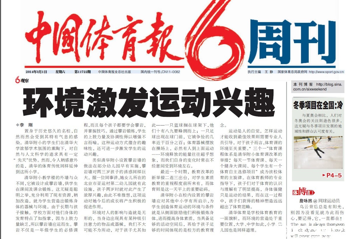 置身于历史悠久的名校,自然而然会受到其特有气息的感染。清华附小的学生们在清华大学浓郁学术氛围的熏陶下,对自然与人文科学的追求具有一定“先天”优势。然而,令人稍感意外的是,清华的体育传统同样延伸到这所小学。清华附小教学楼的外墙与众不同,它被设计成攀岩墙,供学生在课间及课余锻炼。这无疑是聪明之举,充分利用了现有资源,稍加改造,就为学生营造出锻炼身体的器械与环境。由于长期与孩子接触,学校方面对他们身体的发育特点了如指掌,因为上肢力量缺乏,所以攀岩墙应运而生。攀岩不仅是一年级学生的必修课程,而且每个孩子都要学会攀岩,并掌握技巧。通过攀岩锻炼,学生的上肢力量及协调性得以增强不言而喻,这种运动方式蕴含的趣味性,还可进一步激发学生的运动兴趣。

---

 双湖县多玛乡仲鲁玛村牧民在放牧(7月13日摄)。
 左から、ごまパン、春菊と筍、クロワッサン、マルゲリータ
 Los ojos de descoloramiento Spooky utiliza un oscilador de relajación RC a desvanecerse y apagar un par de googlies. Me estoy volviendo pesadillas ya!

* * *

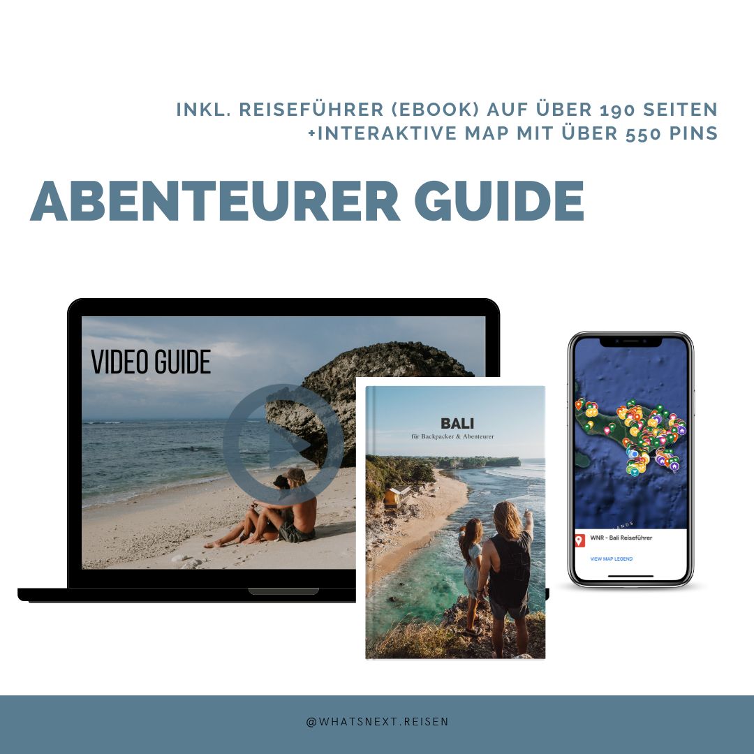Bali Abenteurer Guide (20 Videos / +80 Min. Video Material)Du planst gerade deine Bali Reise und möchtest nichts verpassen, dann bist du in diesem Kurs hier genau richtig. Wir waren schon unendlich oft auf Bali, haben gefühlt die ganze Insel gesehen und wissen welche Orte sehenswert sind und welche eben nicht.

» **Problem description**: Of all the entries above, repeat only the lines from the line that has "双湖县多玛乡仲鲁玛村牧民在放牧(7月13日摄)。" to the line that has "Los ojos de", both lines included, exactly.

» **Response below**:
 双湖县多玛乡仲鲁玛村牧民在放牧(7月13日摄)。
 左から、ごまパン、春菊と筍、クロワッサン、マルゲリータ
 Los ojos de descoloramiento Spooky utiliza un oscilador de relajación RC a desvanecerse y apagar un par de googlies. Me estoy volviendo pesadillas ya!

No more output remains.